When you copy the data that follows, reproduce every word exactly and leave out the images.

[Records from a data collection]
-------------------------

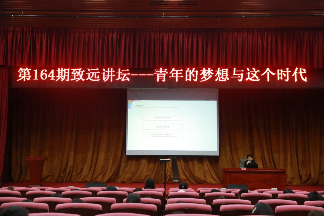 喻学林主要围绕“这是个什么时代、梦想:文明的动力、如何实现自己的梦想”三个主题为大家讲述时代与梦想的关系,“青年是国家的主力军,是国家的未来。”讲坛开始,喻学林指出青年的发展永远是国家发展的主色调。在时代变化上,喻学林介绍当今改革开放,科学技术改变了人们的生活,“这是个伟大的时代”,但同时也会出现反主流的文化、虚荣诱惑的干扰,未来青年人提高自己的学习能力,辨别正确的信息;在青年人的梦想上,喻学林引用习近平主席说的“人民对美好生活的追求就是我们的奋斗目标。”说明梦想对青年人的指引作用;在如何实现梦想上,喻学林指出青年人要经营好自己,学会把自己的学习与工作安排地井井有条,抓住求学的机会。最后,他寄语全体学生“认准了,就去做,不跟风,不动摇”,做一个有创新力、行动力、远见、定力的追梦人。
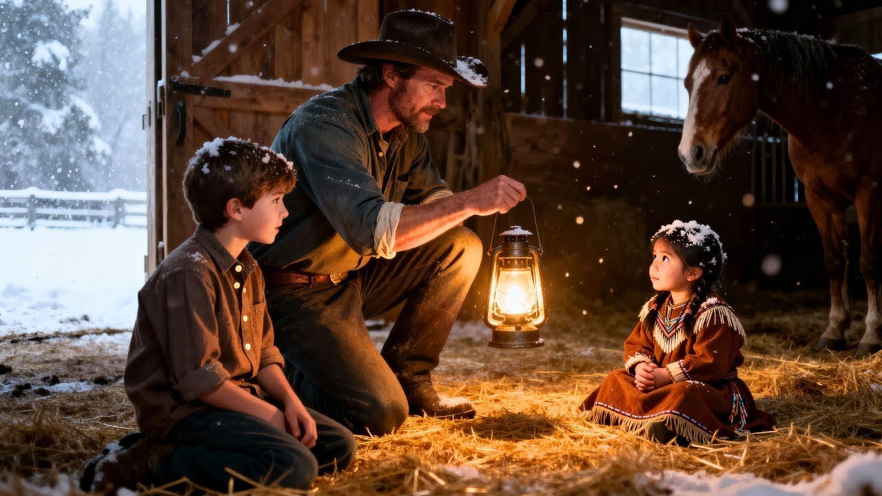 “El ranchero encontró a una pequeña niña apache sola en el establo… luego la escuchó susurrar
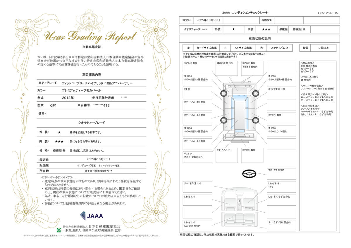 Honda認定中古車です。認定条件は修復歴がない車両に限定、さらに第三者機関の車両状態証明書を取得しております。無料で走行距離無制限の保証が3ヶ月付きます。保証は全国のホンダ販売店をご利用いただけます
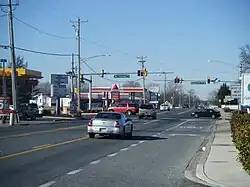 MD 12 crosses into Wicomico County, where it continues north through woods and farms with some residences.[1][2] The route turns northwest again before heading into a mix of residential areas and farm fields on the outskirts of the city of Salisbury.[2] The road comes to a partial cloverleaf interchange with US 13 (Salisbury Bypass), where the route briefly becomes a four-lane divided highway. Past US 13, MD 12 crosses into Salisbury at the Johnson Road intersection.[1][2] Here, the route heads north through commercial areas, becoming a six-lane road with a center left-turn lane, two southbound travel lanes and one northbound travel lane. In addition, there is one lane in each direction devoted to right turns. At the intersection with College Avenue/Beaglin Park Drive, the road narrows to four lanes with each direction consisting of one travel lane and a right-turn lane.[2] This configuration eventually ends and MD 12 becomes a two-lane road again, leaving the corporate limits of Salisbury. Upon entering Salisbury again, the route becomes municipally maintained and continues past a mix of residences and businesses with some industrial establishments. MD 12 crosses over a branch of the Wicomico River west of the Salisbury City Park, which contains the Salisbury Zoo, before ending at Main Street a short distance to the east of US 13 Bus. (Salisbury Boulevard) near downtown Salisbury.[1][2][6]
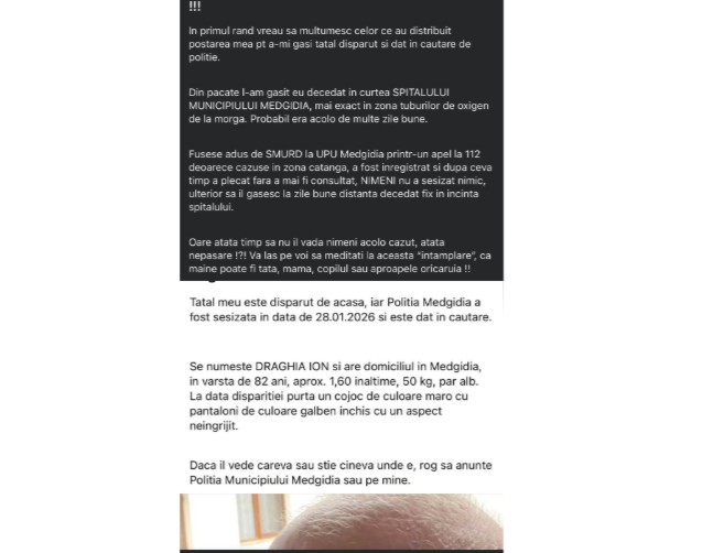 Conform informațiilor furnizate de fiu, bărbatul fusese transportat anterior la Unitatea de Primiri Urgențe Medgidia cu o ambulanță SMURD, în urma unui apel la 112. Deși a fost înregistrat, pacientul ar fi părăsit unitatea înainte de a fi consultat de medici, fără ca personalul spitalului să semnaleze dispariția acestuia.

-------------------------

» Task output:
 喻学林主要围绕“这是个什么时代、梦想:文明的动力、如何实现自己的梦想”三个主题为大家讲述时代与梦想的关系,“青年是国家的主力军,是国家的未来。”讲坛开始,喻学林指出青年的发展永远是国家发展的主色调。在时代变化上,喻学林介绍当今改革开放,科学技术改变了人们的生活,“这是个伟大的时代”,但同时也会出现反主流的文化、虚荣诱惑的干扰,未来青年人提高自己的学习能力,辨别正确的信息;在青年人的梦想上,喻学林引用习近平主席说的“人民对美好生活的追求就是我们的奋斗目标。”说明梦想对青年人的指引作用;在如何实现梦想上,喻学林指出青年人要经营好自己,学会把自己的学习与工作安排地井井有条,抓住求学的机会。最后,他寄语全体学生“认准了,就去做,不跟风,不动摇”,做一个有创新力、行动力、远见、定力的追梦人。
 “El ranchero encontró a una pequeña niña apache sola en el establo… luego la escuchó susurrar
 Honda認定中古車です。認定条件は修復歴がない車両に限定、さらに第三者機関の車両状態証明書を取得しております。無料で走行距離無制限の保証が3ヶ月付きます。保証は全国のホンダ販売店をご利用いただけます
 MD 12 crosses into Wicomico County, where it continues north through woods and farms with some residences.[1][2] The route turns northwest again before heading into a mix of residential areas and farm fields on the outskirts of the city of Salisbury.[2] The road comes to a partial cloverleaf interchange with US 13 (Salisbury Bypass), where the route briefly becomes a four-lane divided highway. Past US 13, MD 12 crosses into Salisbury at the Johnson Road intersection.[1][2] Here, the route heads north through commercial areas, becoming a six-lane road with a center left-turn lane, two southbound travel lanes and one northbound travel lane. In addition, there is one lane in each direction devoted to right turns. At the intersection with College Avenue/Beaglin Park Drive, the road narrows to four lanes with each direction consisting of one travel lane and a right-turn lane.[2] This configuration eventually ends and MD 12 becomes a two-lane road again, leaving the corporate limits of Salisbury. Upon entering Salisbury again, the route becomes municipally maintained and continues past a mix of residences and businesses with some industrial establishments. MD 12 crosses over a branch of the Wicomico River west of the Salisbury City Park, which contains the Salisbury Zoo, before ending at Main Street a short distance to the east of US 13 Bus. (Salisbury Boulevard) near downtown Salisbury.[1][2][6]
 Conform informațiilor furnizate de fiu, bărbatul fusese transportat anterior la Unitatea de Primiri Urgențe Medgidia cu o ambulanță SMURD, în urma unui apel la 112. Deși a fost înregistrat, pacientul ar fi părăsit unitatea înainte de a fi consultat de medici, fără ca personalul spitalului să semnaleze dispariția acestuia.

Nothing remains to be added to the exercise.